Jika harga beras masyarakat melebihi harga yang ditetapkan tersebut maka BULOG tidak bisa membeli.

Dia mengatakan, harga beras masyarakat harga jualnya biasanya lebih tinggi dari harga beli yang ditetapkan oleh BULOG , sehingga jika produksi beras hanya sedikit maka target yang ditetapkan Bulog untuk membeli beras milik masyarakat biasanya tidak tercapai.

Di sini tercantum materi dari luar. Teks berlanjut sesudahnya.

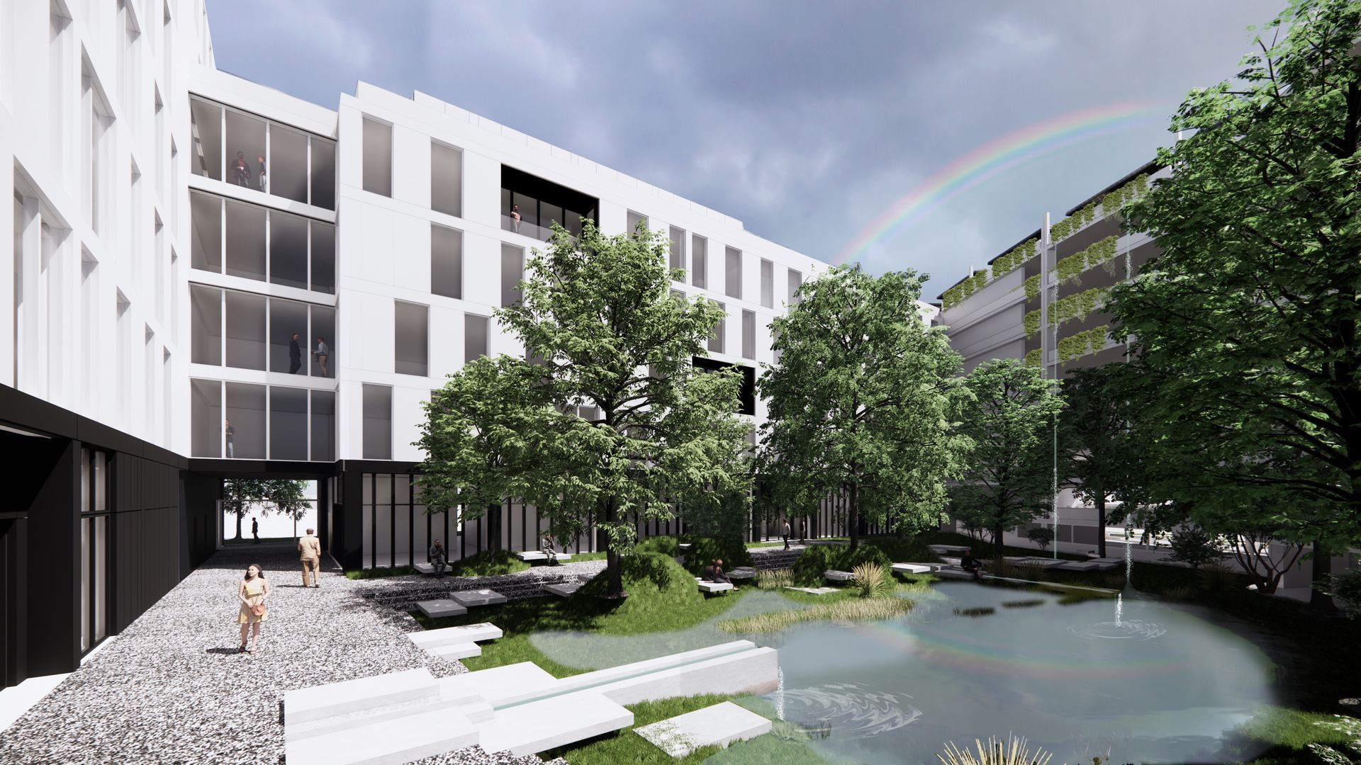 "حديقة نافورة المطر" في بوردو للمقر الجديد لـ CPAM Gironde مع SCAU.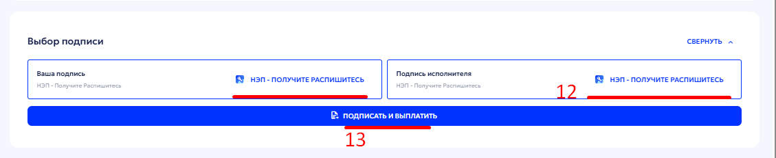 13. Нажмите «Подписать» или «Подписать и выплатить» — в зависимости от того, включена ли автоматическая выплата.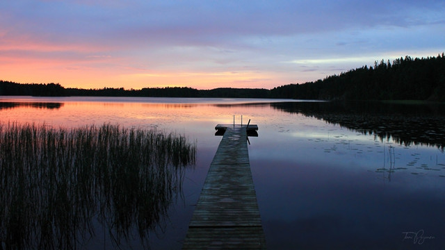 #clouds #dock #finland #forest #lake #landscape #nature #reflection #sky #summer #sunset #trees #water
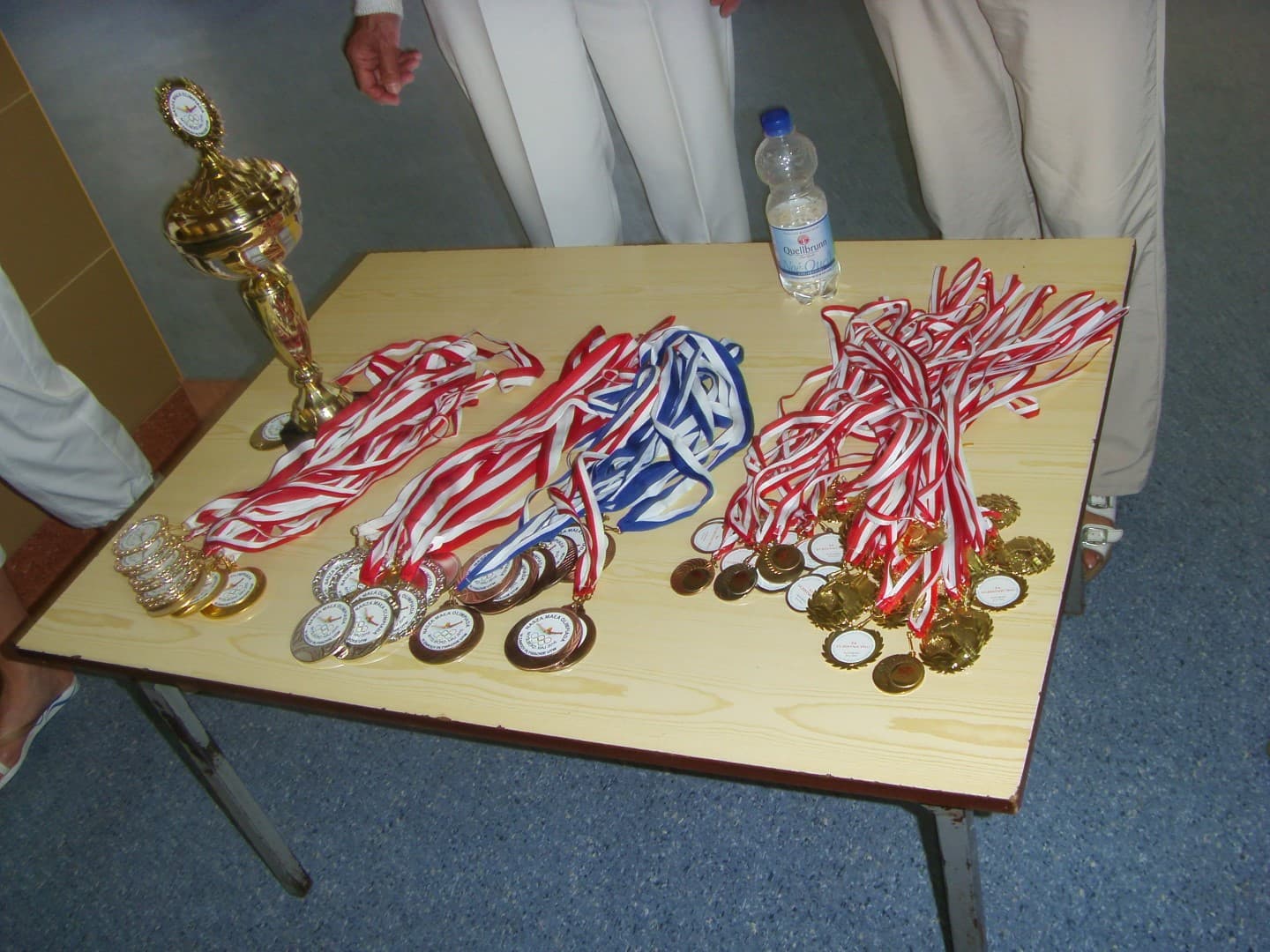 Tego roku gościliśmy niezawodne ekipy z Barlinka, Polic, Goleniowa. Liczna reprezentacja gospodarzy z Myśliborza, oprócz pływania, zajmowała się także sędziowaniem. Pomyślano również o części artystycznej. Panie z sekcji gimnastyki korekcyjnej pokazały 2 układy z przyrządami, pełne wdzięku i gracji, do muzyki Johana Straussa. Nie chce się wierzyć, że z bagażem 60+ na karku, można się poruszać tak lekko, tak rytmicznie, równo, bez tremy i pomyłek i… jakby bez zmęczenia.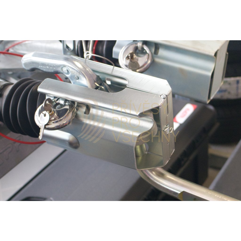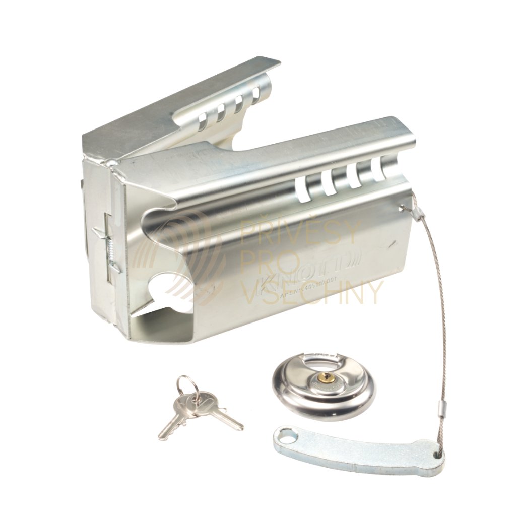 - Univerzální zámek KNOTT pro zabezpečení tažné kulové spojky přívěsu na připojeném i na odpojeném přívěsu

"Kalau panen surplus biasanya harga beras bisa dijangkau dengan harga beli kita di Bulog, tapi kalau tidak biasanya harga jual masyarakat lebih tinggi dari harga beli kita," katanya.

Diakuinya, jika dihitung secara prosentase antara kebutuhan beras Bulog dengan target beras yang akan dibeli dari masyarakat, maka jumlahnya masih tergolong kecil.

Untuk NTT kebutuhan beras masih sangat tinggi mencapai ratusan ribu ton. Hal ini dipicu dari ketergantungan masyarakat terhadap beras masih sangat tinggi.

"Beras masih menjadi pangan andalan bagi masyarakat sehingga kebutuhan beras sangat tinggi di NTT," kata Marselina.

Terkait kondisi stok beras saat ini, Marselina mengatakan, saat ini, Perum BULOG Divre NTT memiliki stok beras 35.470 ton dan bisa memenuhi kebutuhan masyarakat untuk 3,7 bulan ke depan.